Ехать пришлось недолго: труп генерала Вострикова – он не был изуродован в лицевой части, и, соответственно, можно было легко определить его личность – находился в центре города, на центральной площади, перед двухэтажным Дворцом культуры, привязанным прямо к постаменту памятника, изображавшего Ленина, где уже вовсю орудовали представители СМИ, прибывшие из Калининграда. Именно от них-то и поступил в «дежурку» сигнал об ужасной находке, а им, в свою очередь, еще в час ночи, позвонил неизвестный и мрачным, угнетающим голосом передал крайне жуткую информацию; они же, как следует понимать, не пожелали упускать из своих рук сенсацию и, не сообщая никому о трагическом происшествии, сразу же выдвинулись на место и сначала зафиксировали материалы, необходимые для подачи в эфир, а затем уже обозначили полицейским сотрудникам города Икс, что у них появилась еще одна, очередная и большая, проблема.
Теперь следует остановиться на описание трупа. Как же он выглядел?
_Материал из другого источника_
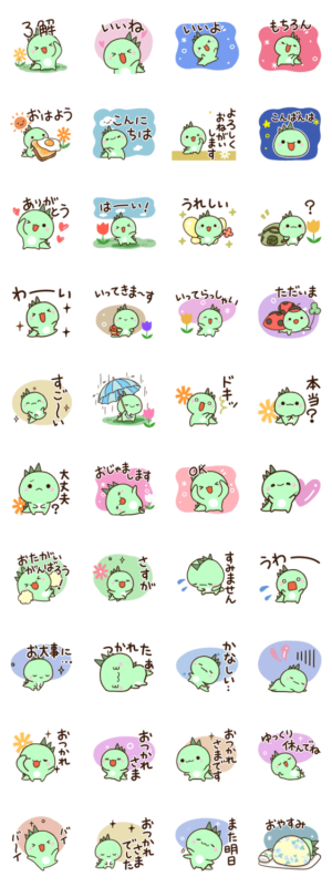 ちいさいモンスターのナチュラルガーリースタンプ。緑のカッパ色の怪獣です。UMAや河童、チュパカブラ、恐竜、かいじゅう好きの方にぜひ。【かたこ】かわいい/北欧風かたこ より発売
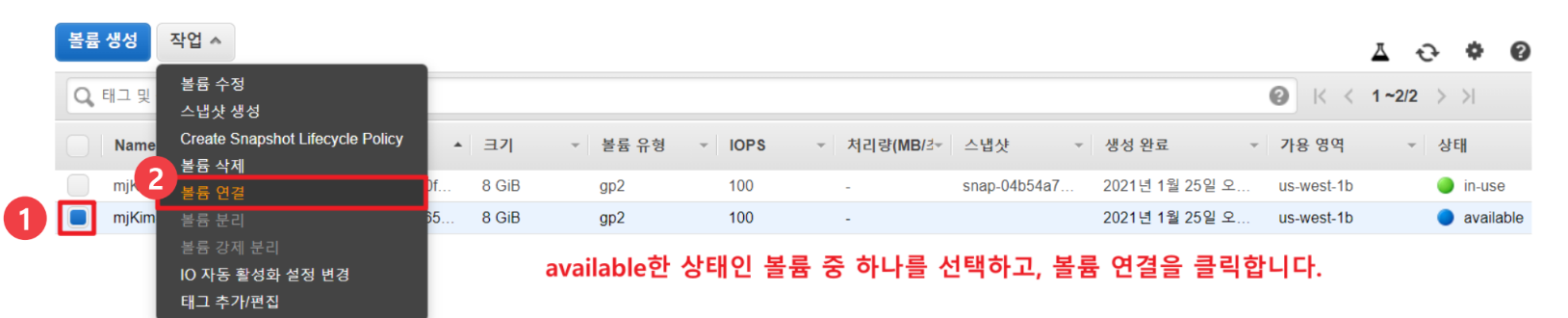 그렇기 때문에, 방금 만든 EBS 볼륨을 체크하고 작업 메뉴에서 볼륨 연결을 클릭해주세요.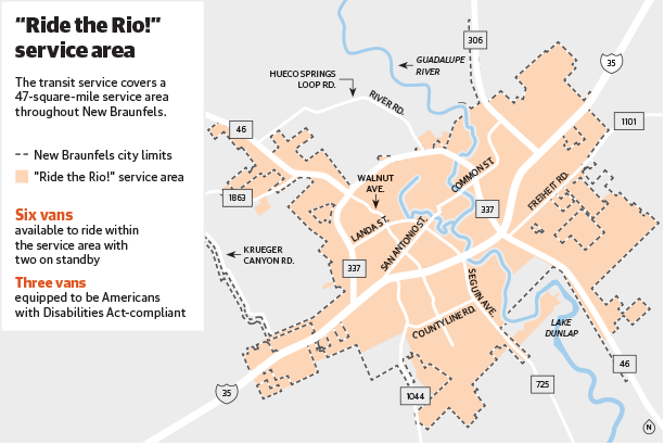 The regional transit system can enter and exit the service area to pick up or drop off riders, but it cannot complete trips entirely within the zone, New Braunfels Transit Manager Julie Sitton said.

Говоря вкратце, ничего нового служителям правоохранительных органов не предстало – он также был изуродован вскрытием грудной клетки вместе с брюшиной и извлечением из его внутренностей внутренних органов – за исключением одной особенности – прямо на растерзанной груди, как некогда в военные годы, была повешена грубая, деревянная табличка с надписью: «Дед этого человека участвовал в оккупации и порабощении Пруссии». Да, именно теперь – всем тем, кто вольно или невольно принимал участие в этом лиходействе с начала – становилось очевидно, что вся эта так называемая акция, «кошмарящая» в последние дни всю округу проводится далеко не спонтанно, а преследует четкие политические мотивы, направленные на то, чтобы выманить внука бывшего фронтовика, командира группы войск, освобождавшей Восточную Пруссию, в эту злосчастную местность и, учинив над ним самую что ни на есть жестокую расправу, выставить в самом в негодном свете.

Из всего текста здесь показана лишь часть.